To do -> Within the listing below, give again exactly the lines between the one containing "Drevená krabička s" and the one containing "모집대상은 광주시에 주민등록상", inclusive, pictures left aside.

Dataset records ->
□ □ □
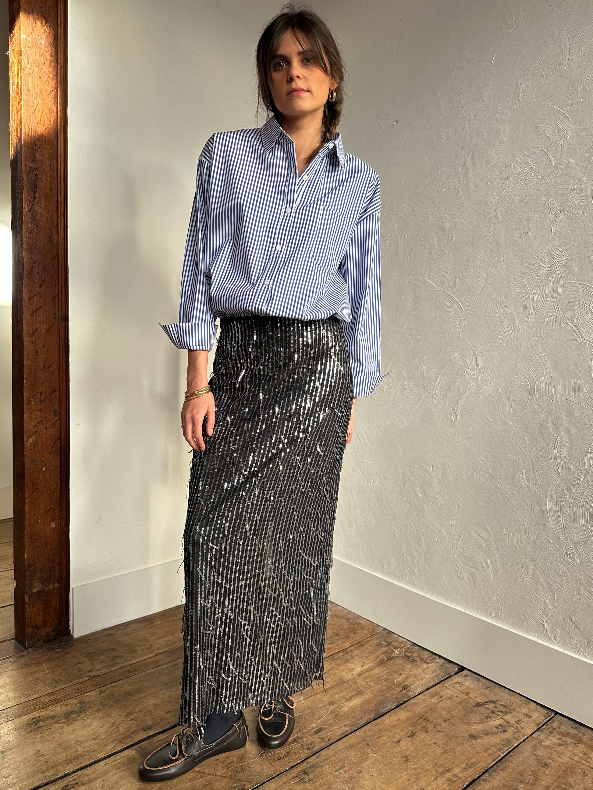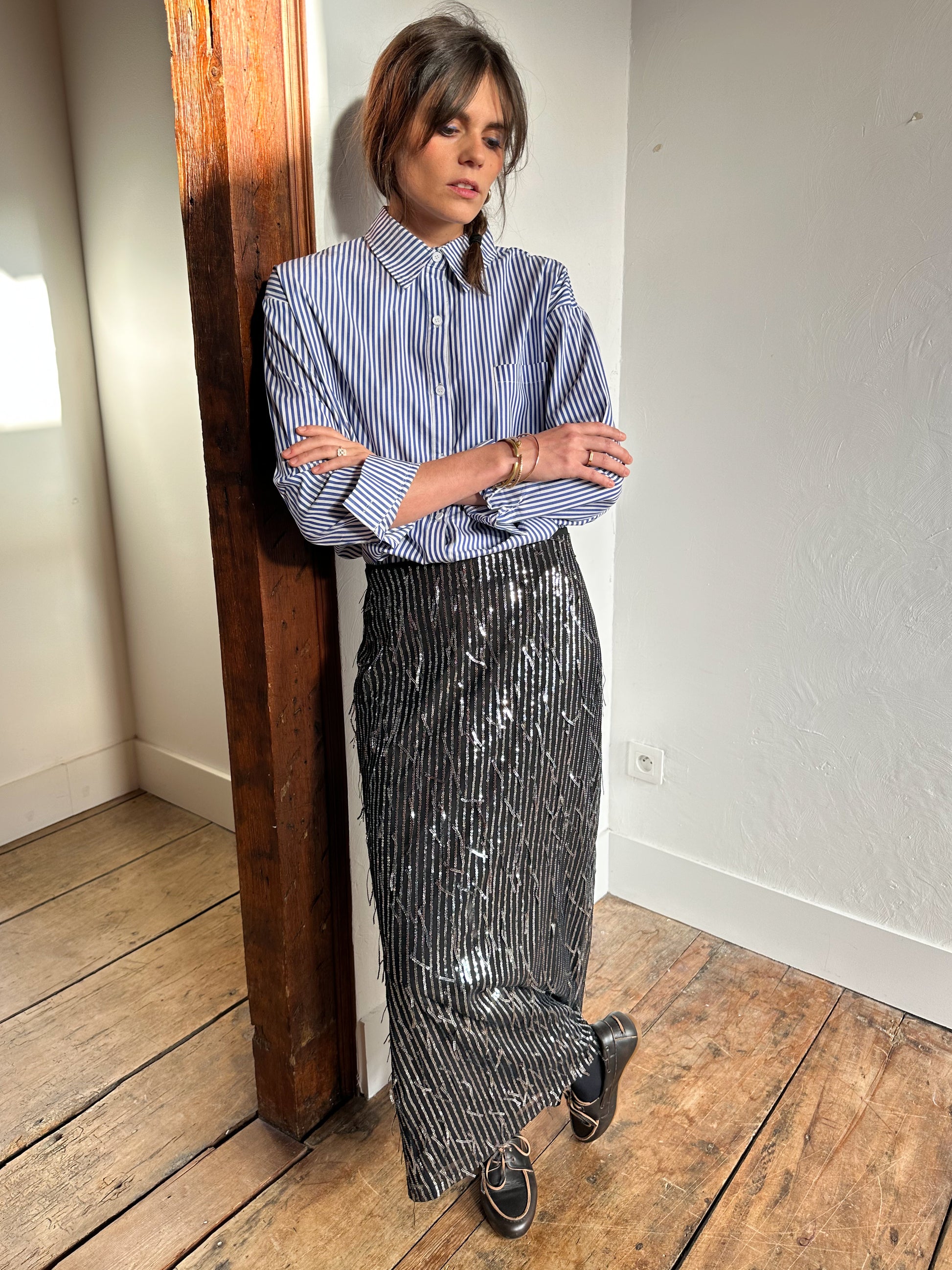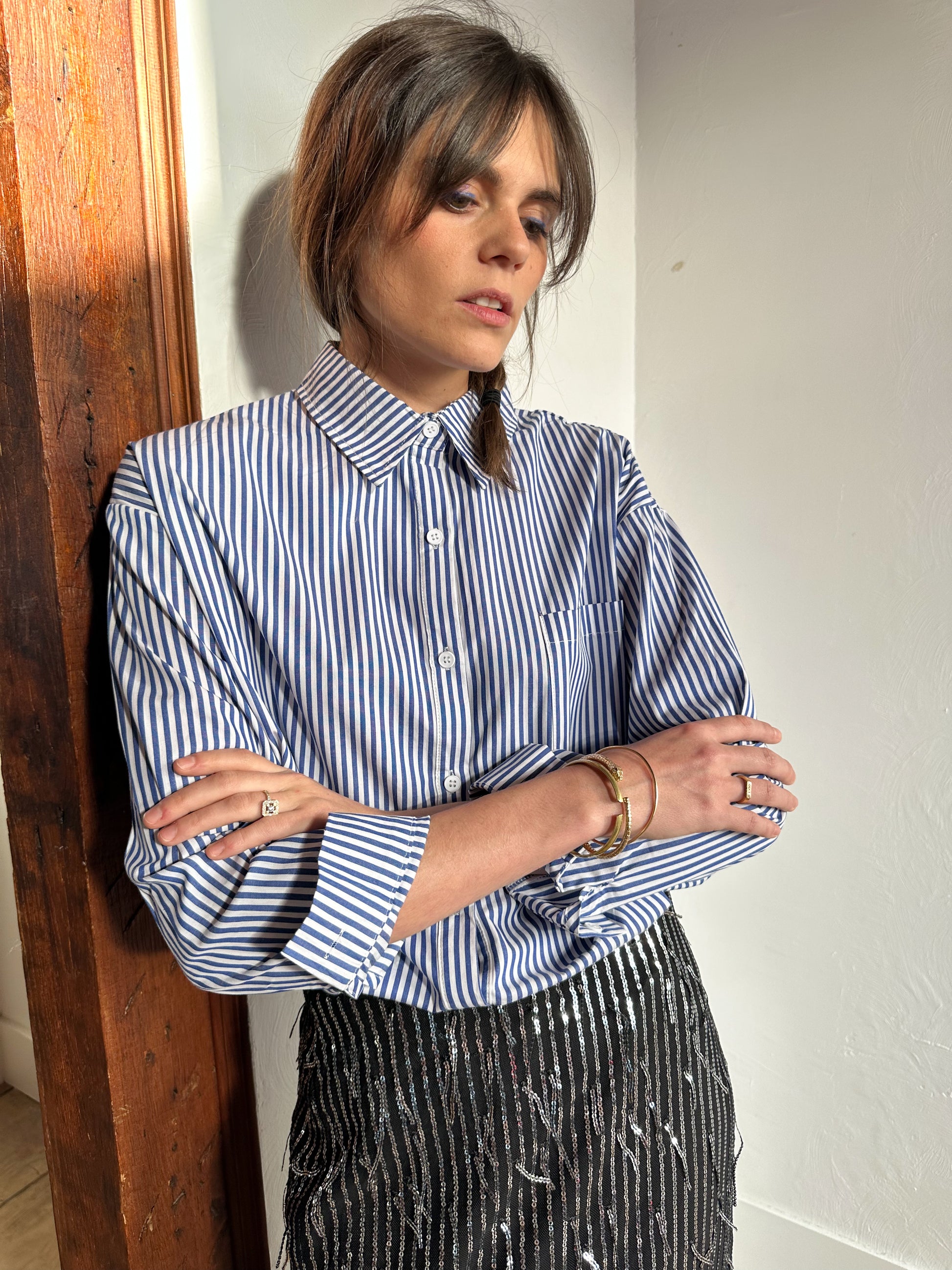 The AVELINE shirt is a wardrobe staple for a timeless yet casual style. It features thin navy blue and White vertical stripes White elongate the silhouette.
□ □ □
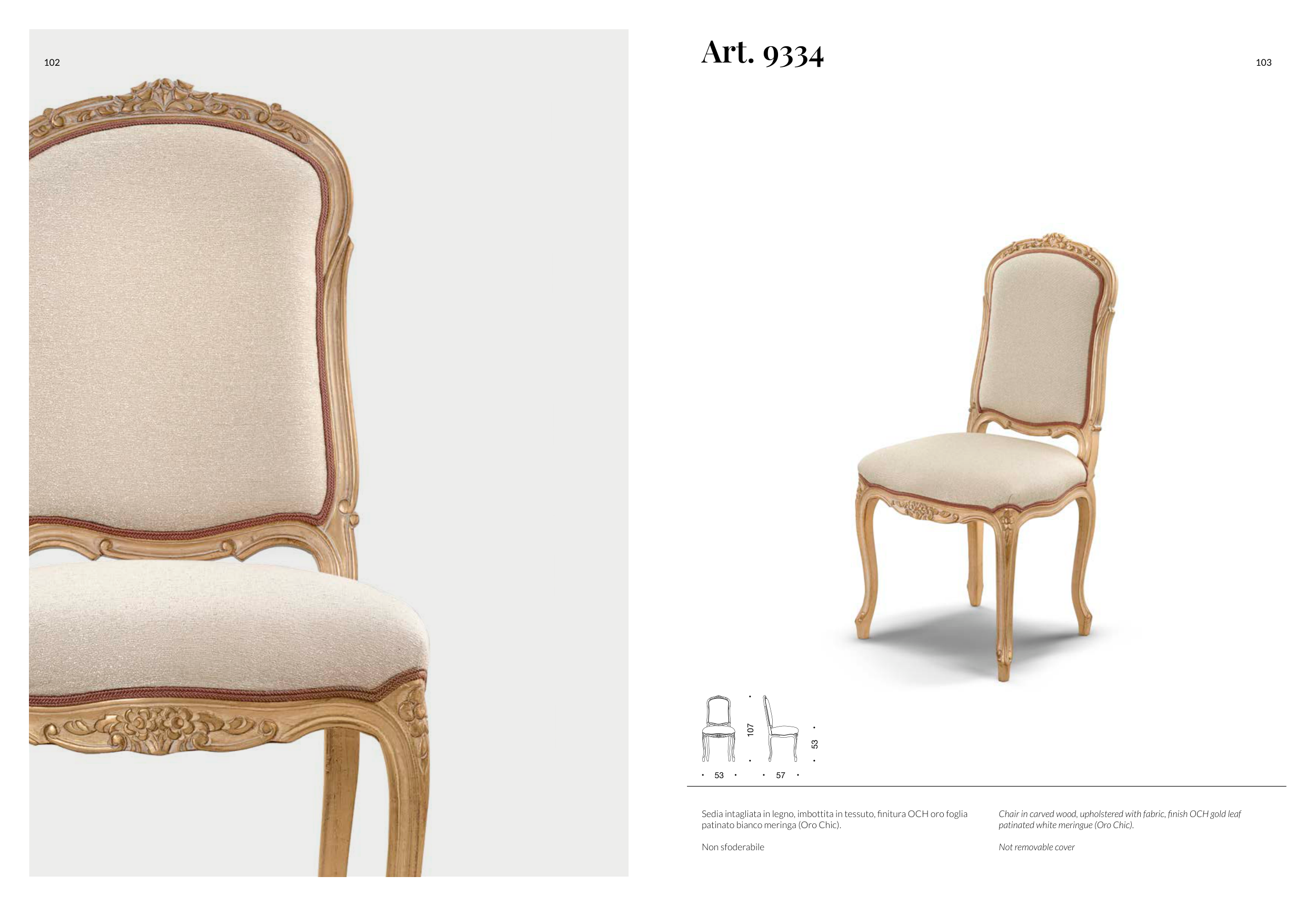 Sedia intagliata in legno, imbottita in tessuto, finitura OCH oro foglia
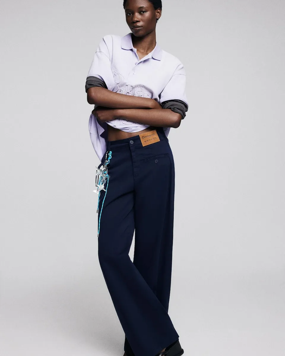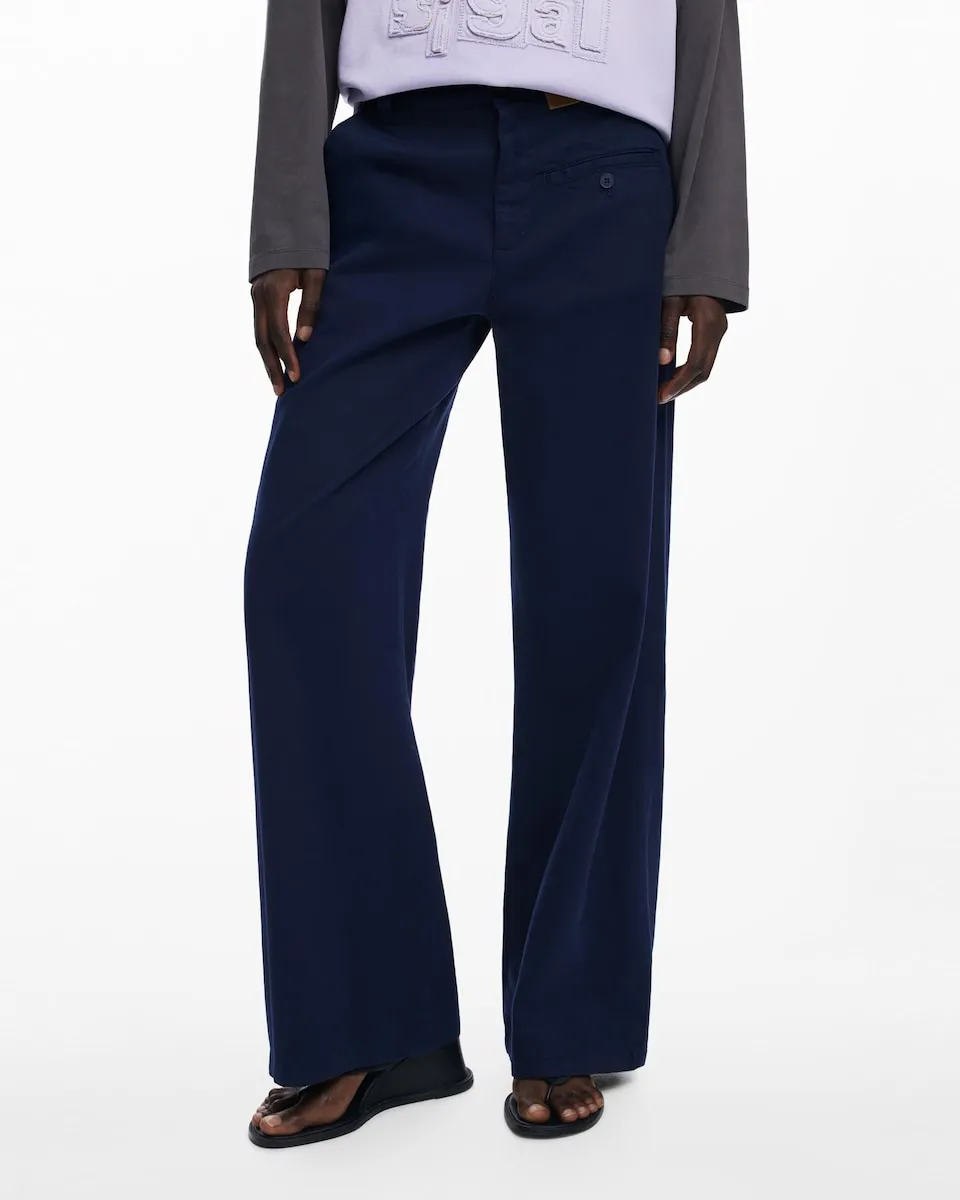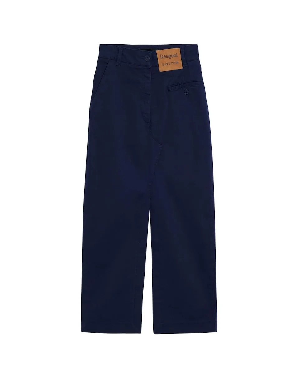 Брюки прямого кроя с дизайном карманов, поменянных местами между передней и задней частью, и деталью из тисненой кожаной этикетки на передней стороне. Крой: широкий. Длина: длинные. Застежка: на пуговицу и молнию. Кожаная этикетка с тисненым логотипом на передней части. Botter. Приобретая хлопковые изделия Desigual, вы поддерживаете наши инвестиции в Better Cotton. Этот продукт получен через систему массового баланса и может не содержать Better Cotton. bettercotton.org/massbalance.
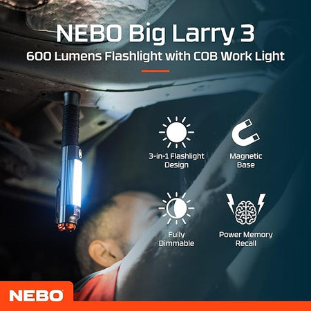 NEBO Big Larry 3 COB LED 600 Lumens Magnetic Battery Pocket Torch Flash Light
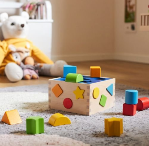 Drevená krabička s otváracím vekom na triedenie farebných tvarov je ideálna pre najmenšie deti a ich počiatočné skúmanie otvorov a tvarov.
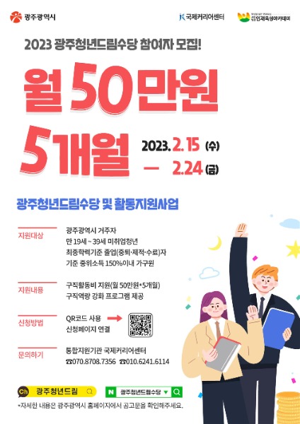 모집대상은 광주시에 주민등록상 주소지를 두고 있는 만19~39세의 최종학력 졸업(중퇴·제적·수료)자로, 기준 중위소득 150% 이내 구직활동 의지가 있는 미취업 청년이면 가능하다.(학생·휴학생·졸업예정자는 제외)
□ □ □
Response to this task ->
 Drevená krabička s otváracím vekom na triedenie farebných tvarov je ideálna pre najmenšie deti a ich počiatočné skúmanie otvorov a tvarov.
 모집대상은 광주시에 주민등록상 주소지를 두고 있는 만19~39세의 최종학력 졸업(중퇴·제적·수료)자로, 기준 중위소득 150% 이내 구직활동 의지가 있는 미취업 청년이면 가능하다.(학생·휴학생·졸업예정자는 제외)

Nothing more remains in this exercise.